We calculate missing value percentages in train and test and plot them side by side.


In [None]:
missing_train_pct = train_raw.isna().mean().mul(100)
missing_test_pct = test_raw.isna().mean().mul(100)

missing_compare = pd.DataFrame({
    'train_missing_pct': missing_train_pct,
    'test_missing_pct': missing_test_pct.reindex(train_raw.columns, fill_value=np.nan)
}).fillna(0).sort_values('train_missing_pct', ascending=False)

display(missing_compare.head(15))

plot_df = missing_compare[(missing_compare['train_missing_pct'] > 0) | (missing_compare['test_missing_pct'] > 0)]

if len(plot_df) > 0:
    ax = plot_df.plot(kind='bar', figsize=(14, 5), color=['#4c72b0', '#dd8452'])
    ax.set_title('Missing value percentage by column')
    ax.set_xlabel('Column')
    ax.set_ylabel('Missing percentage')
    plt.xticks(rotation=75, ha='right')
    plt.tight_layout()
    plt.show()
else:
    print('No missing values found in train or test.')


### Insight

Columns with small missing percentages can be filled safely. Columns with very high missing percentages should be reviewed carefully before modeling.


### 3.3 Feature distributions

We plot histograms for all base features to see scale differences and skewed variables.


In [None]:
num_features = len(base_feature_cols)
n_cols = 4
n_rows = int(np.ceil(num_features / n_cols))

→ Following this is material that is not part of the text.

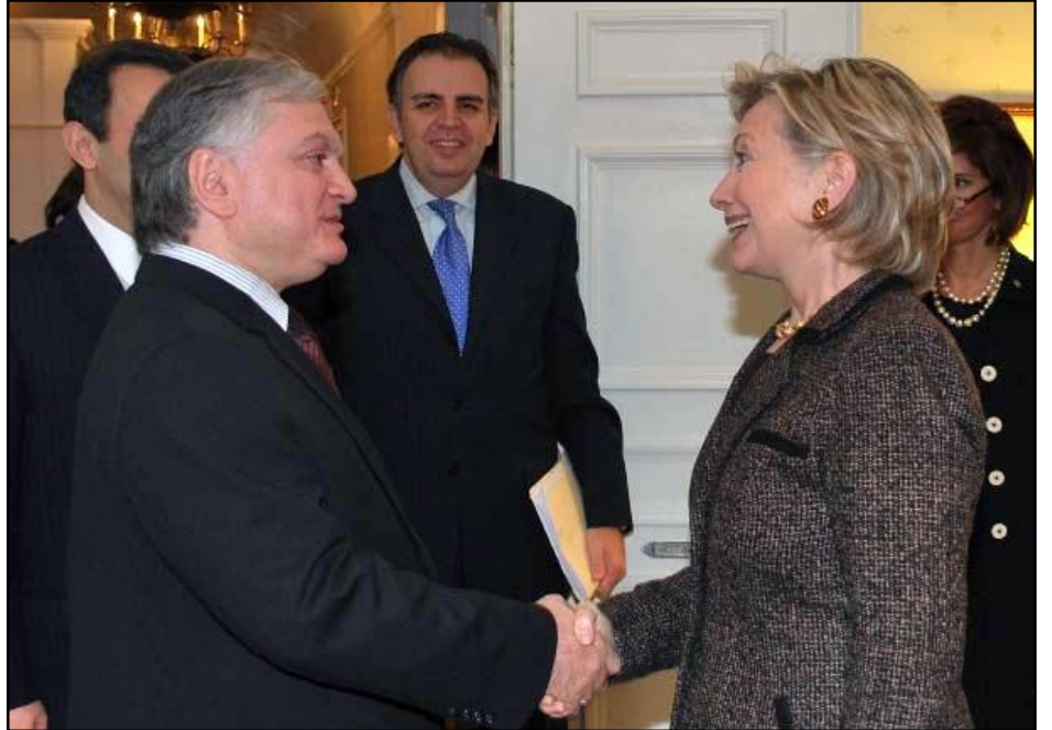
Հայաստանի արտգործնախարար Էդուարդ Նալբանդեան եւ ԱՄՆ պետքարտուղար Հիլարի Քլինթոն

Հայաստանի արտգործնախարար Էդուարդ Նալբանդեանը Սեպտեմբերի 28-ին ծաւալուն ելոյթով է հանդէս եկել Միաւորուած ազգերի կազմակերպութեան գլխաւոր ասամբլեայի 64-րդ նստաշրջանում:

fig, axes = plt.subplots(n_rows, n_cols, figsize=(18, 4 * n_rows))
axes = np.array(axes).reshape(-1)

for i, col in enumerate(base_feature_cols):
    sns.histplot(train_raw[col], bins=20, kde=False, color='#4c72b0', ax=axes[i])
    axes[i].set_title(col)
    axes[i].set_xlabel(col)
    axes[i].set_ylabel('Count')

for j in range(i + 1, len(axes)):
    axes[j].axis('off')

plt.tight_layout()
plt.show()


### Insight

Many wildfire variables are usually skewed, which is normal for growth and distance data. Later we add transformed features to help models read these patterns better.


### 3.4 Correlation analysis

We inspect feature correlations with target columns and flag very similar feature pairs.


In [None]:
corr_matrix = train_raw[base_feature_cols + target_cols].corr(numeric_only=True)

plt.figure(figsize=(10, 12))
sns.heatmap(corr_matrix[["time_to_hit_hours", "event"]].sort_values('event', ascending=False),
            cmap='coolwarm', center=0)
plt.title('Feature correlation with time_to_hit_hours and event')
plt.xlabel('Targets')
plt.ylabel('Features')
plt.tight_layout()
plt.show()

feature_corr_abs = train_raw[base_feature_cols].corr(numeric_only=True).abs()
upper = feature_corr_abs.where(np.triu(np.ones(feature_corr_abs.shape), k=1).astype(bool))
high_corr_pairs = [
    (c1, c2, upper.loc[c1, c2])
    for c1 in upper.index
    for c2 in upper.columns
    if pd.notna(upper.loc[c1, c2]) and upper.loc[c1, c2] > 0.90
]

high_corr_df = pd.DataFrame(high_corr_pairs, columns=['feature_1', 'feature_2', 'abs_corr'])    .sort_values('abs_corr', ascending=False)

print(f'Number of feature pairs with |r| > 0.90: {len(high_corr_df)}')
display(high_corr_df.head(20))


### Insight

If two features carry almost the same information, keeping both can make some models unstable. We will remove very redundant pairs later.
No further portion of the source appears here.